It is now bare knuckles as the fight for the ownership of the dormant Zimbabwe Iron and Steel Company (Zisco) mega-million assets last week took an emotional twist, with the board and a business suitor squaring off over a controversial 2017 deal.
Last week, The Standard, working with Information for Development Trust, reported that the Zimbabwean government facilitated a US$225 million deal that would allegedly strip Zisco of its critical assets and transfer them to ZimCoke, a little-known entity based in Harare.
ZimCoke paid ZW$1 in May 2019 as a transaction fee to take over Zisco’s signature coke ovens and an array of other assets from the integrated steelworks.
But Gift Mugano, the current Zisco board chairperson, insisted that the deal needed to be reviewed as it did not follow best corporate governance principles and was thus “null and void”.
Government has been the major shareholder, with an 89% stake in Zisco, that stopped operations about a decade ago due to widespread mismanagement and political interference.

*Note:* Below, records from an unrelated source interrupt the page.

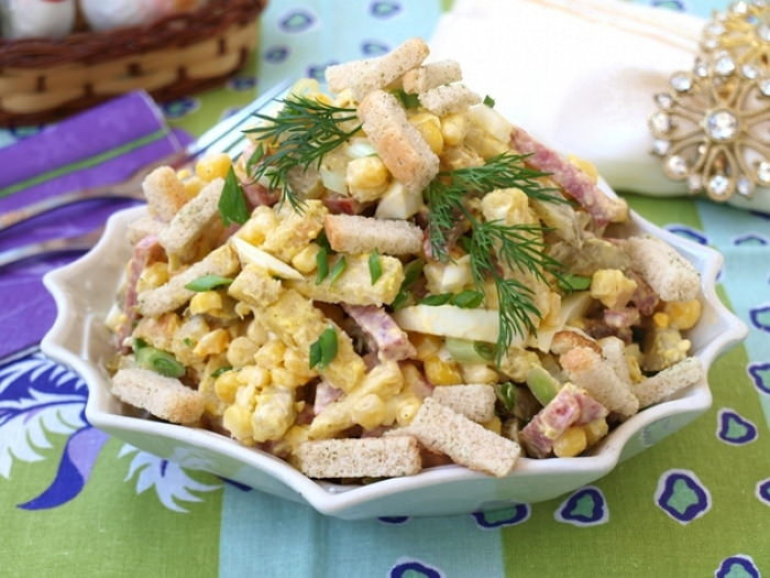 Cалатик с сухариками и кукурузой
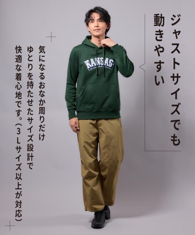 裏起毛サガラ刺しゅうデザインプルパーカー【3L以上お腹ゆったり】(ロゴ)
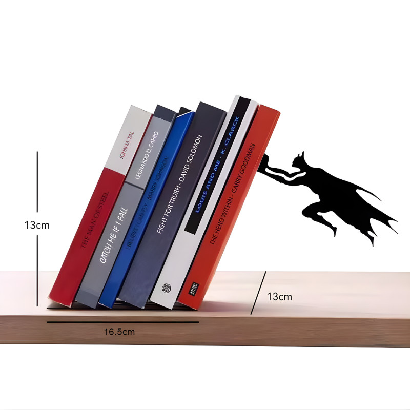 Kovová silueta superhrdiny vytváří iluzi, že neviditelnou silou podepírá celou řadu knih – ideální pro každého, kdo má rád komiksy, filmy o hrdinech nebo prostě jedinečné bytové doplňky.
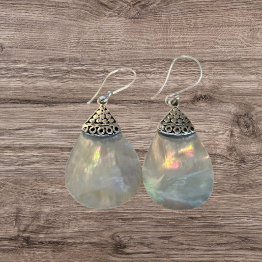 Capiz Clear Shell Drop Earrings Sterling Silver
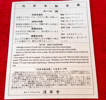 I put my 100Yen coin in, shook my stick and pulled my fortune from drawer #64. Oh no! It was a bad fortune and read:
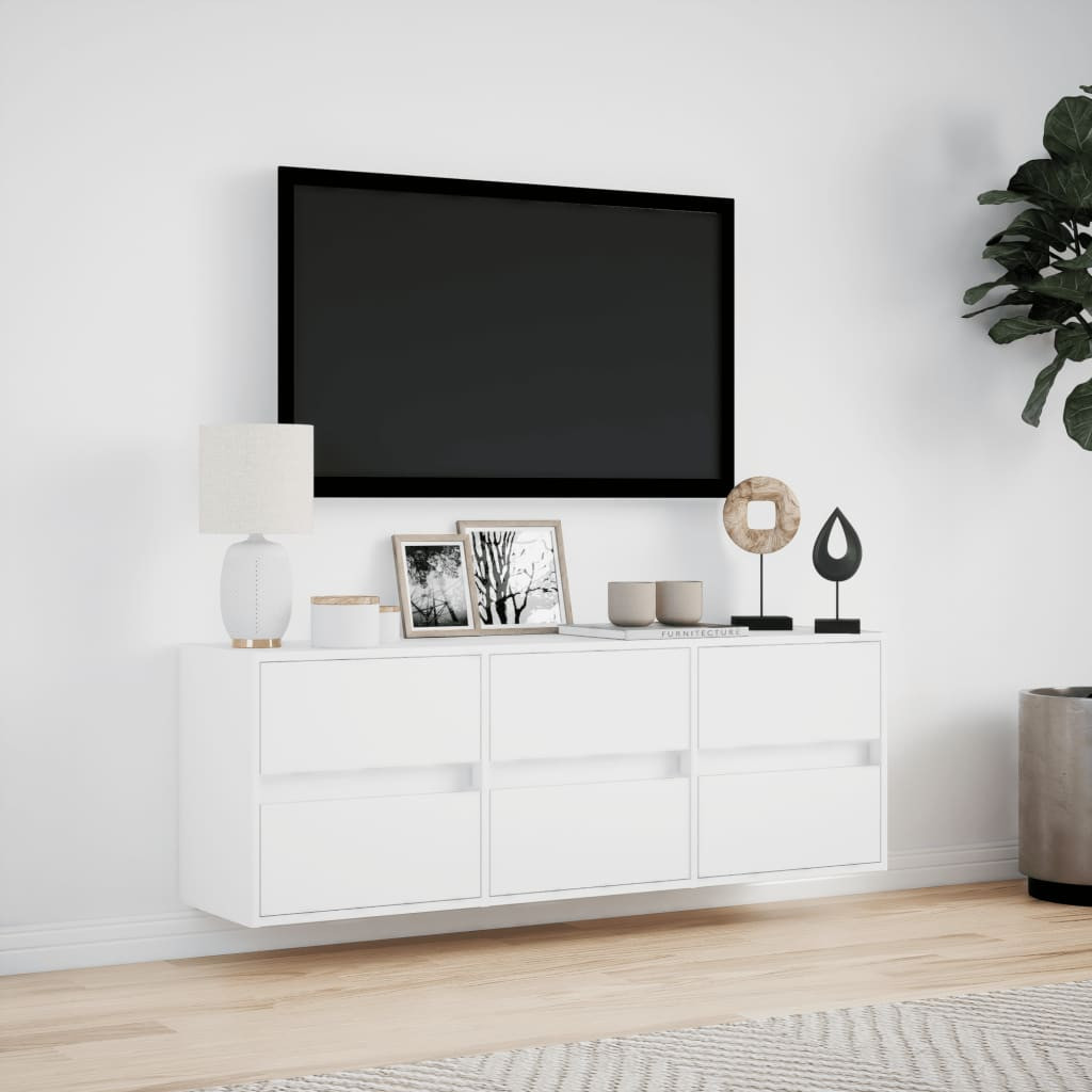 Ez a fali szekrény tökéletes az otthonába a hely maximális kihasználására és a padló tisztán tartására.Stabil és tartós anyag: A szerelt fa tartós és stabil anyag sima felülettel, amely ellenáll a nedvességnek, a vetemedésnek és a hasadásnak, így megbízható választás különféle projektekhez.RGB LED-világítás a kellemes környezet érdekében: A szekrény LED-lámpái egyszerűen állíthatók, így személyre szabott világítást hozhat létre. Testre szabhatja a módokat, a színeket és a fényerőt, hogy fokozza a helyiség hangulatát.Bőséges tárolóhely: Ez a TV-állvány 6 fiókkal, amelyek bőséges helyet biztosítanak a mindennap használatos tárgyak, például könyvek, DVD-k, magazinok, média kellékek, és egyebek tárolására, rendezett és könnyen elérhető helyen.Helytakarékos: A falra szerelhető kialakítás maximalizálja a kihasználatlan falterületet, kompakt és hatékony tárolórésszé alakítva.DIY kialakítás: A lebegő TV-szekrény végtelen tervezési lehetőséget kínál, lehetővé téve, hogy önmagában használja, vagy más fali TV-egységekkel kombinálva komplett szórakoztató központot hozva létre.Jó tudni:A falon belüli csavarok és dugók nem alaptartozékok. Azt tanácsoljuk, hogy keressen és használjon kifejezetten az Ön falához megfelelő csavarokat és dugókat. Ha nem biztos benne, konzultálhat egy szakemberrel. Kérjük, olvassa el és kövesse az utasítások minden lépését.A termék USB-csatlakozóval rendelkezik, amelyhez hitelesített, 5 V-os USB áramforrás szükséges (nem alaptartozék). Fontos: A telepítést pontosan ezeknek az utasításoknak megfelelően kell elvégezni – ellenkező esetben helytelen telepítés esetén biztonsági kockázat léphet fel. Rendszeresen ellenőrizze, hogy a rögzítések biztonságosan vannak-e karbantartva. A magas tárgyak stabilitását befolyásolhatja a vastag szőnyeg vagy az egyenetlen padló. A termékhez falrögzítő eszközt mellékeltek; azonban Önnek kell beszereznie a fal típusának megfelelő rögzítőelemeket. Fúrjon lyukakat csak akkor, ha előtte ellenőrizte, hogy nincsenek elektromos vezetékek vagy vízvezetékek a falban (ha bizonytalan, kérjen tanácsot egy szakképzett szakembertől). Helyi barkácsboltjában beszerezheti a szükséges fúrókat és rögzítőelemeket, és kérhet tanácsot is. Ha kétségei vannak, kérjen szakképzett szakember segítségét a termék telepítéséhez és rögzítéséhez. Kérjük, csak hitelesített DC 5V bemenetet használjon. A magasabb feszültség túlmelegedést okozhat, ami a készülék károsodásához és tűzveszélyhez vezethet. Ne csatlakoztassa ezt a terméket más áramforráshoz, mint amit a kézikönyv, a névtábla vagy a vidaXL kifejezetten ajánlott. Ezt a készüléket nem használhatják 14 év alatti gyermekek, valamint csökkent fizikai, érzékszervi vagy mentális képességekkel rendelkező személyek, illetve akiknek nincs tapasztalatuk vagy ismeretük az elektronikus készülékek használatával kapcsolatban. Az áram veszélyes. A készülék sérülése, helytelen telepítése, használata vagy módosítása (az egyes alkatrészek cseréje) áramütést és veszélyt okozhat. Ne használja ezt a terméket robbanásveszélyes környezetben, például gyúlékony folyadékok, gázok vagy por jelenlétében, illetve 50 Celsius-fok feletti hőmérsékleten. Ne kapcsolja be a terméket, ha a csatlakozókábel vagy a tápegység láthatóan sérült. Ha ennek a lámpatestnek a külső hajlékony kábele vagy vezetéke megsérült, kizárólag a gyártó, a gyártó szervizügynöke vagy megfelelő képesítéssel rendelkező személy cserélheti ki a veszély elkerülése érdekében. Kapcsolja ki az áramot a telepítés és karbantartás során. Győződjön meg arról, hogy az izzók lehűltek. Ennek a lámpatestnek a fényforrása nem cserélhető; amikor a fényforrás élettartama lejár, az egész lámpatestet ki kell cserélni. Csak beltéri használatra, ne használja a terméket kültéren.
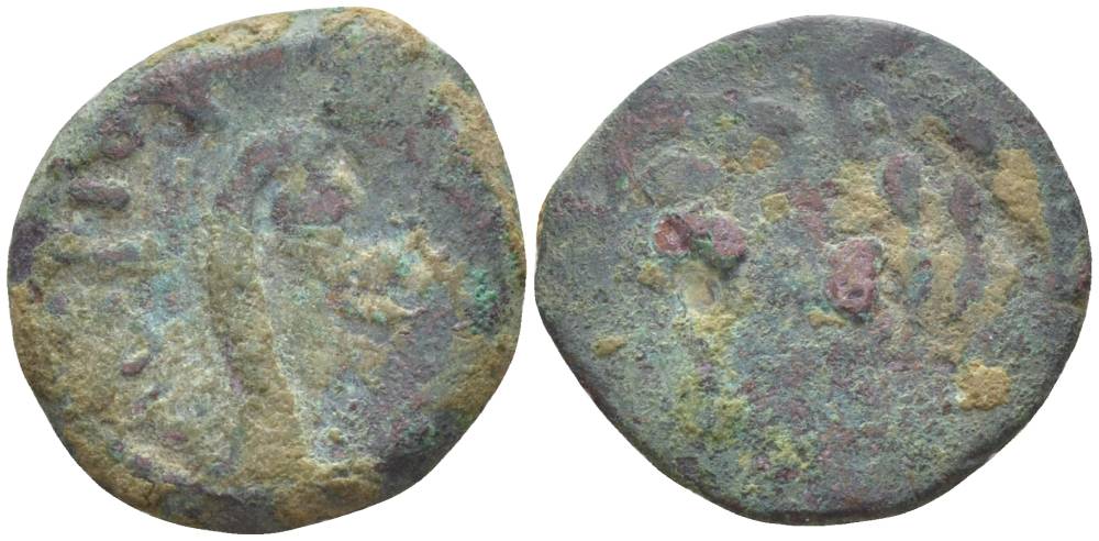 Римская Империя, Провинция Иудея прута 30/31 год император Тиберий, прокуратор Понтий Пилат, греческая легенда 'ТИБЕРИЯ КЕСАРЯ', культовый посох Авгура (lituus) / дата в венке, Иерусалим RPC 4968 медь 1073-21-53
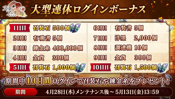 大型連休を記念して、期間中ログインすると最大で召装石3000個(召装10回分)や錬金糸など豪華アイテムをプレゼント!
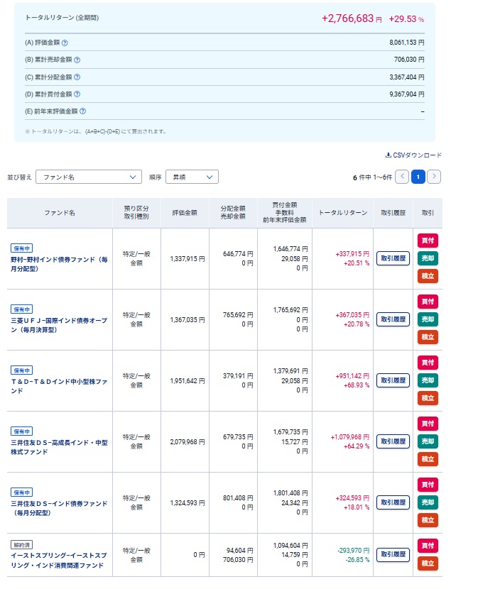 以前紹介したインドの投資信託の中から中小型のファンドを3本と債券型のファンドを3本の計6本を各100万円分購入しております。
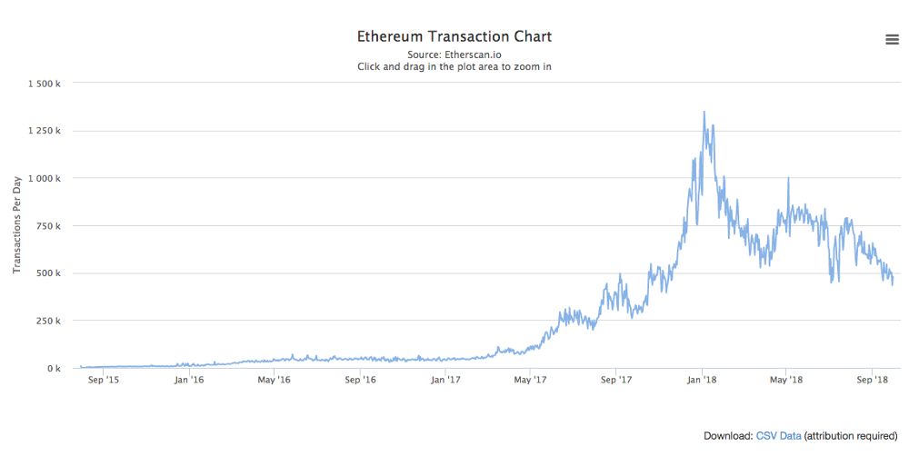 这些文章中提出的有些问题是合理的,但是往往忽略了以太坊每天在扩展性方面取得的惊人进展。我们需要承认的是,当前以太坊的状态尚无法使其扩展成为世界计算机,网络的吞吐量低、成本费用高。但是,这些问题在以太坊被创立出来之前就已经预料到了,并且已经得到了很好地理解。在过去几年中,已经创建出了多种解决方案来应对这些问题,本文将对这些解决方案加以探讨,希望读者能在阅读本文后更好地了解以太坊的扩展性解决方案。  以太坊网络的交易量趋势图,来源:Etherscan.io
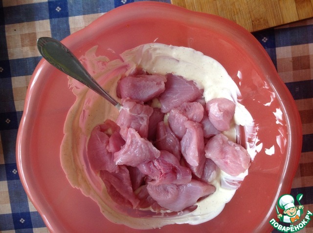 • Разрезаем мясо на небольшие кусочки
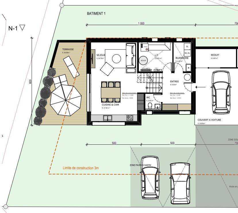 Chalet Construction, villa / chalet de 4.5 p sur 4 demi-niveaux de 147.20 m2 de venteCes demi-niveaux permettent de délimiter les espaces de façon harmonieuse dans ce logement. C'est un type de construction très lumineux grâce à ses espaces ouverts. C'est donc une merveilleuse façon d'allier l'espace et la luminosité. Premier ½ niveau, hall d’entrée, buanderie et local technique, wc visiteur. ½ niveau supérieur, cuisine, espace repas, séjour dans un volume individuel. Accès terrasse vue panoramique magnifique. ½ volume supérieur, 2 chambres avec salle de bain avec baignoire. ½ volume supérieur chambre parentale avec espace dressing et/ou bureau et salle de bain / douche. Couvert à voiture pour + places de parc extérieures Prix 1'220'000.- Réf 23109
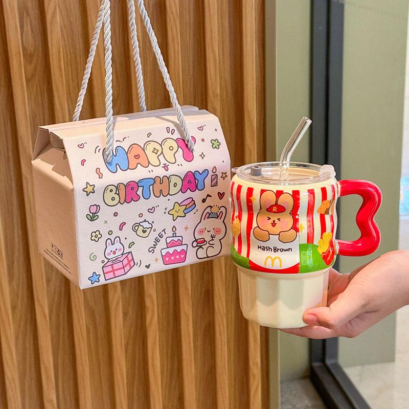 Milk Fufu Cute French Fries Straw Cup Girls' High-value Ceramic Mug for Girlfriends Birthday Gift Souvenirs
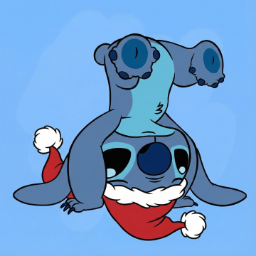 史迪奇手持彩虹伞,置身于星光闪烁的绿意中。
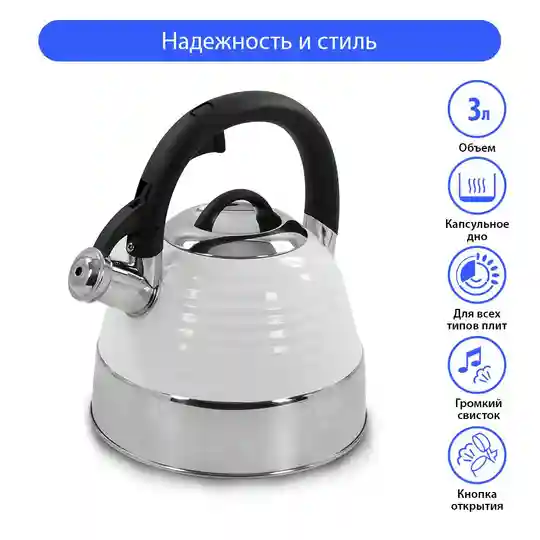 Чайник со свистком MARTA MT-3098 3 л, капсульное дно, нержавеющая сталь, белый

After last week’s revelations, Eddie Cross, a former ZimCoke consultant who now sits on the entity’s board, described Mugano as “irresponsible” and “unprofessional”, saying the Zisco board chairperson’s attitude was very “disappointing”.
ZimCoke is not flustered by the repeated refusal by Mugano’s board to let them in and take over the targeted assets, according to Cross, and there is no way the deal will be reversed.
“This deal was approved in May 2017 and signed by both parties in July 2017,” Cross said.
“It then took us two years to negotiate the assumption of the KfW debt and the final transaction was then approved by the Cabinet in May 2019,” Cross told The Standard.
Government, as the major shareholder, owes KfW, a German bank, more than US$200 million that ZimCoke had proposed to take on as its own liability in the disputed deal.
“Transfer documents were signed in July (2017).
“We are now waiting for a rates clearance certificate and a capital gains tax clearance certificate to be issued to take ownership of the (Zisco) site and then we can start work in earnest,” said Cross.
“All the required work has been completed,” he added, “and this process should be complete in the next few weeks.”